§ **Task requirements**:
Repeat each entry exactly and drop the pictures.

# # # # # # #

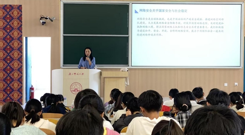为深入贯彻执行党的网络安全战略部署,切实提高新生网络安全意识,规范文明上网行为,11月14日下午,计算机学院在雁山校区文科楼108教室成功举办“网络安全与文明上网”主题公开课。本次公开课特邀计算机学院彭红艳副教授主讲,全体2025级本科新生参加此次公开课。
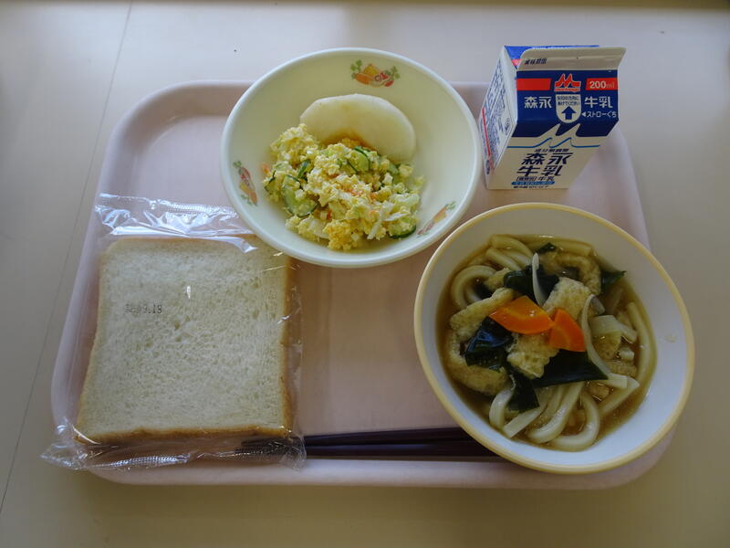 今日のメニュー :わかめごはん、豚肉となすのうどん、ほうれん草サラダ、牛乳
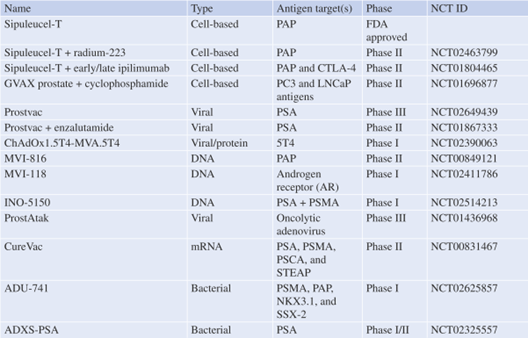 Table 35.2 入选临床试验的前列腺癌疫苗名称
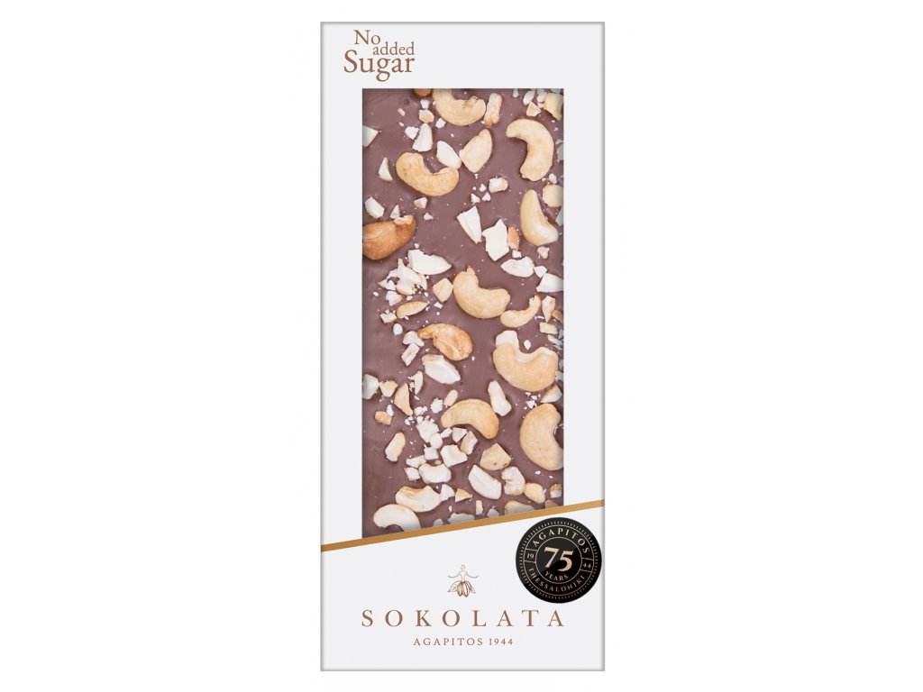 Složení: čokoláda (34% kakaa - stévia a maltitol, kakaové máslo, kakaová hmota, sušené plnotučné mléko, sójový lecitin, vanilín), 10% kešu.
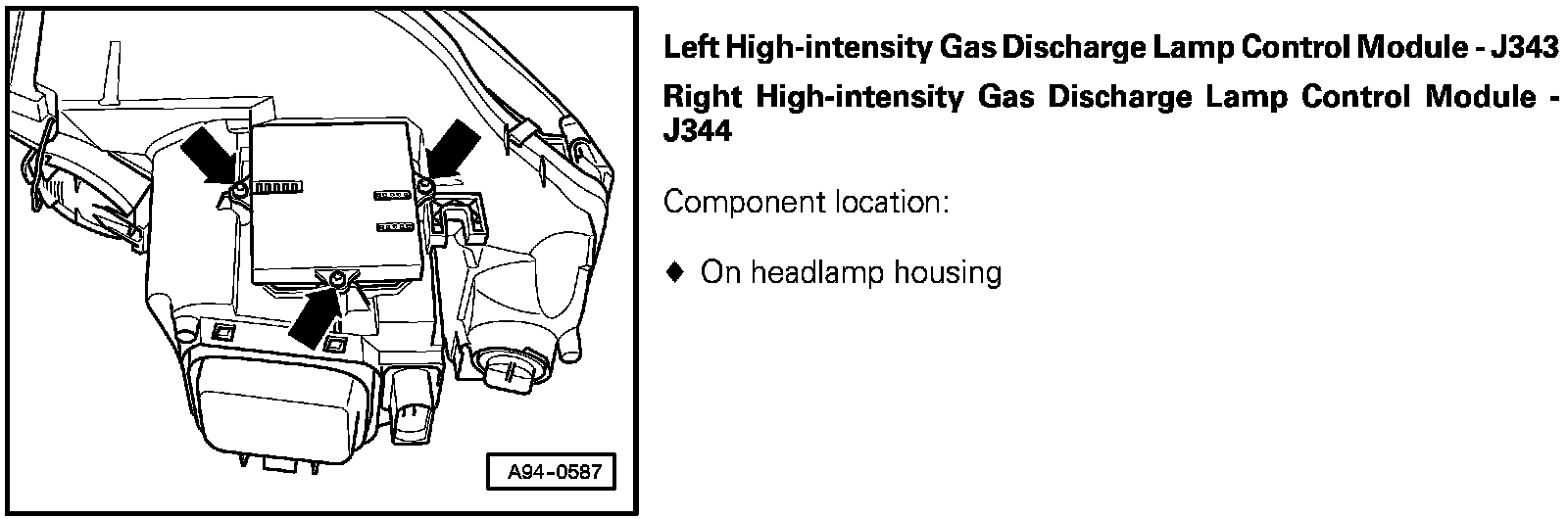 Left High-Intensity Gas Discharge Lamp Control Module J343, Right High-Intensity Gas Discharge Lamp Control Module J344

# # # # # # #

§ **Task answer**:
为深入贯彻执行党的网络安全战略部署,切实提高新生网络安全意识,规范文明上网行为,11月14日下午,计算机学院在雁山校区文科楼108教室成功举办“网络安全与文明上网”主题公开课。本次公开课特邀计算机学院彭红艳副教授主讲,全体2025级本科新生参加此次公开课。
 今日のメニュー :わかめごはん、豚肉となすのうどん、ほうれん草サラダ、牛乳
 Table 35.2 入选临床试验的前列腺癌疫苗名称
 Složení: čokoláda (34% kakaa - stévia a maltitol, kakaové máslo, kakaová hmota, sušené plnotučné mléko, sójový lecitin, vanilín), 10% kešu.
 Left High-Intensity Gas Discharge Lamp Control Module J343, Right High-Intensity Gas Discharge Lamp Control Module J344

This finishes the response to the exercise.